En este cuento tomo elementos que tienen que ver con la aparición de La Virgen María y su encuentro con el cacique Coromoto de la tribu Los Cospes, que residían en el valle de San Juan de Guanaguanare, hoy Guanare, capital del Estado Portuguesa, y las prácticas religiosas que realizan en su honor, sus feligreses.
Día de trauma
A lo mejor esa mirada se le quedaría por mucho tiempo, ya no era la misma dureza que había mantenido por tantos años, cuando su palabra no permitía más que el silencio, su temida voz aún retumba en mi cabeza como un tambor y no me deja dormir.
Mi madre era tan sumisa, solo dejaba al tiempo enderezar los entuertos.
—Hijo, es mejor evitar problemas, ya se le pasará.
Pero a mí no se me pasó, tampoco puedo decir que me acostumbré, esa cruz me acompaña, no puedo dejarlo a un lado, tirarlo como un fardo y salir sin ese lastre. Siempre traté de hacer valer mi palabra.
—¿Por qué no puedo cortarme el cabello como los otros niños? ¡No me gusta el pelo largo, eso da mucho calor!
—Ya llegará el momento, —esa voz salía desde cualquier lugar, las paredes abrían su boca, el viento entraba y se llevaba el eco. No entendía por qué ese ruido seguía allí dentro, como el tic tac de un reloj que te recordaba el miedo.
Un día, que se me perdió en la memoria, él fue a mi cuarto y me dijo:
—Hoy es el día, todo está listo.
Aún oigo la risa de los muchachos, sus gritos de: ¡Mamita mira para acá! ¡Te ves bonita con esos lazos rojos! ¡Muévete nena!
Ese río de carcajadas me arrastraba, me revolcaba en un delirio que no podía contener.
—¿Por qué tengo que pagar esa promesa mamá?
Hubo un silencio como respuesta, en aquel rostro solo veía un regocijo que no entendía.

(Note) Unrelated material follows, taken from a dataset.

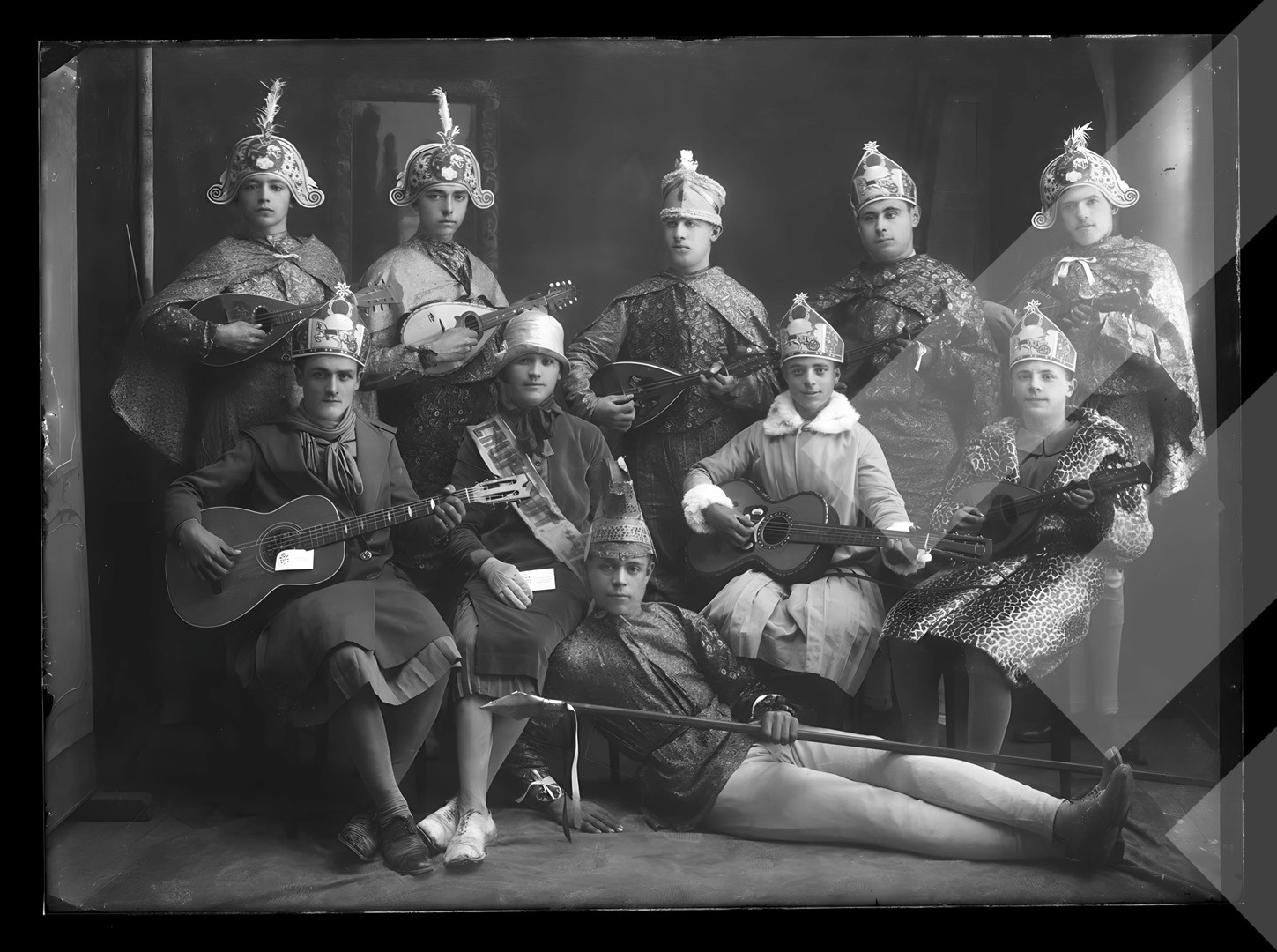 Ath. Nikolakopulos, rreth 1920, Ditë karnavalesh, Korçë, pllakë xhami, 13 x 18 cm.

—Cuando seas grande lo entenderás hijo.
Aquí estoy, todavía sin entender nada. Buscaba respuestas, preguntaba; por eso me iba a la plaza de La Virgen, para mirar esos indios rígidos, petrificados, con la vista perdida, tal vez sin comprender por qué no se adoraba a la madre tierra, a la luna que nos daba paz.
No eran los mismos indios que veía en mis delirios, aquellos cazaban en el monte, pescaban en esa quebrada para alimentar a su gente. En esos andares, se les apareció una mujer, blanca y de largo vestido. Ella hablaba, pero no entendían y tuvieron miedo.

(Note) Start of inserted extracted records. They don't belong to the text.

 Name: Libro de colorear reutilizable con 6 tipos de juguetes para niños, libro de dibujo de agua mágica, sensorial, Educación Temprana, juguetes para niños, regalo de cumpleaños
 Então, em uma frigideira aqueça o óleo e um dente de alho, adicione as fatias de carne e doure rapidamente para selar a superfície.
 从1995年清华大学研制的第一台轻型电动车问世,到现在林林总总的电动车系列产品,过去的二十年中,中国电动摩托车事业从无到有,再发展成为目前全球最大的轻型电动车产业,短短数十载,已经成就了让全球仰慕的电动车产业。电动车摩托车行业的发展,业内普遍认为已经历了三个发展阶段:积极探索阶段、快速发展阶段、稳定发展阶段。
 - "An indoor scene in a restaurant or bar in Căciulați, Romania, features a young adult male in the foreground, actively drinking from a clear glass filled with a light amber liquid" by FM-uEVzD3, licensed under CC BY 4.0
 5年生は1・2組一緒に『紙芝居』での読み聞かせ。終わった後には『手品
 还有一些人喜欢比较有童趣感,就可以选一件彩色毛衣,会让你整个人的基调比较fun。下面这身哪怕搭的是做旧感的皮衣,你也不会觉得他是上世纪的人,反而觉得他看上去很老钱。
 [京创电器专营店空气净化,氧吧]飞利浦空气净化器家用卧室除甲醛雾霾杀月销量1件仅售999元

Esa mujer caminaba sobre las aguas, yo estaba sumido en un sueño, quería gritar al ver tal fenómeno, pero el indio me miró y me apuntó con su arco, quedé petrificado, sobre todo cuando vi que el guerrero tenía el mismo rostro del viejo, el mismo rostro severo que empujaba mi avance por las calles llenas de gente, por aquella carretera llena de sol. Aún siento mis pies llagados.
En esa búsqueda, también fui a ver aquella imagen en el templo. No era la misma, pero pude recordar a ese indio cuando corrió para agarrarla.
—¡Eres mía! —gritó el indio en su lengua y se abalanzó sobre ella, ambos desaparecieron en las aguas.
Tuve que salir corriendo, no aguantaba tanta burla, los veía a todos comentando y reían. Corrí hacia el monte, me arrastré para que la naturaleza me limpiará, me cegara, para no mirar ese rostro severo, ahí vino el enojo y el viejo reparte su rabia para que todos la sientan. La molestia lo transforma. Su voz era como lluvia de piedras. Su mirada era la lanza del guerrero que, emergiendo de las aguas ante la mirada atónita de todos, gritaba. Vociferaba en una lengua que yo no conocía, mostraba el trofeo, un daguerrotipo que brillaba en su mano. Hay que lavar los pecados, eso gritaba.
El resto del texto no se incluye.